Wyzw/nania kierowniczki Centrum Kultury Dziecka
Kinga Siemońska od czerwca 2021 r. pełni funkcję kierowniczki filii Miejskiego Ośrodka Kultury, czyli Centrum Kultury Dziecka. Jak sama mówi, ta przygoda zawodowa to przede wszystkim odpowiedzialność, szereg wyzwań, ale też duma. CKD jest ważne dla odbiorców oferty kulturalnej, ale ma też znaczenie w mieście jako organizator najważniejszych imprez dla małych zgierzan.
Po raz pierwszy w życiu znalazłaś się na kierowniczym stanowisku. Jakie uczucia towarzyszyły ci półtora roku temu, a jak jest teraz?

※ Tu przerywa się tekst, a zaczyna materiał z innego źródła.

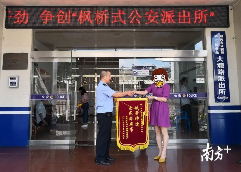 7月29日,韶关市公安局浈江分局大塘路派出所同时收到2面锦旗,分别写着“神警雄风 罪犯克星”和“破案神速 为民办实事”,这是两位受害女事主为感谢该派出所办案民警快速侦破一宗电信网络诈骗案追回被诈骗资金,将诈骗犯罪嫌疑人绳之以法,挽回经济损失后对派出所表示谢意各自赠送的锦旗。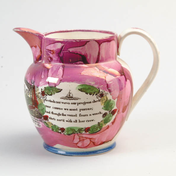 SUNDERLAND PINK LUSTRE JUG. Decorated with three vignettes. 1) “The Rich Widow” shows woman with wreath. 2) Cast Iron Bridge Near Sunderland”. 3) Four line verse. SIZE: 7-1/2” h. CONDITION: Very good with minor imperfections. 9-95316 (500-800)

Gdy dostałam propozycję pracy na stanowisku kierowniczki filii MOK, długo się zastanawiałam, bo wiedziałam, że moje życie bardzo się zmieni. Przyjęłam propozycję bez oczekiwań, nastawienia na cokolwiek, dałam sobie czas, postanowiłam dać się porwać biegowi zdarzeń, by sprawdzić, w którym kierunku mnie los zaprowadzi. Wydawało mi się, że wiedziałam też czego się spodziewać, ale pojawiły się ciężkie momenty. Mam jednak wrażenie, że już się osadziłam po tak zwanej drugiej stronie lustra.

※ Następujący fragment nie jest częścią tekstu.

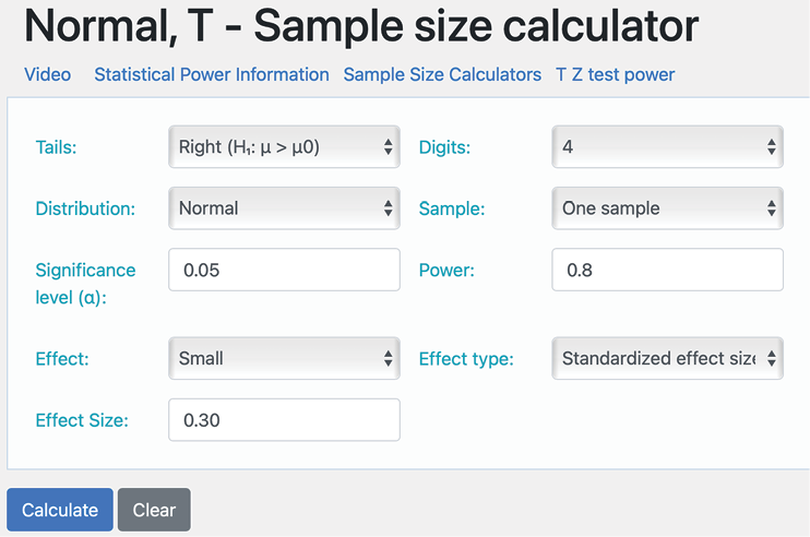 One of the first things the researchers need to do is to conduct an a priori statistical power calculation to determine the appropriate sample size. G*Power lacks a calculation for a onesample z-test for the mean so we will use the sample size calculator found on the Statistics Kingdom website.

Co tak naprawdę zmieniło się w pracy?
Ani miejsce, ani nawet biurko się nie zmieniło. Zmienił się za to sposób pracy. Wcześniej pracowałam warsztatowo z dziećmi. Po zmianie stanowiska miałam jeszcze część grup. Trwało to pół roku. Nie chciałam odcinać się od takiej pracy nagle. Jednak dotarło do mnie, że nie da się robić wszystkiego naraz. W natłoku różnych obowiązków miałam wrażenie, że niczego nie robię dobrze, dlatego w końcu zrezygnowałam z prowadzenia zajęć. Przestałam być ciocią Kinią… Ta zmiana zdecydowanie nie była dla mnie łatwa. Zaczęła się praca biurowa, siedząca, przy komputerze.

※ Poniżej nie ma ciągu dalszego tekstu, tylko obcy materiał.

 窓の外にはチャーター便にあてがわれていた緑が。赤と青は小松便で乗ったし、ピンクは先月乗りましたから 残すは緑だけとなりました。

Pamiętam, że początki były trudne również z powodów kadrowych, ale wydaje się, że ostatecznie udało się opanować sytuację?
Wszystko się ułożyło od momentu, gdy udało mi się skompletować zespół. To też nie byłłatwy proces. Potrzebowaliśmy czasu, żeby się dotrzeć.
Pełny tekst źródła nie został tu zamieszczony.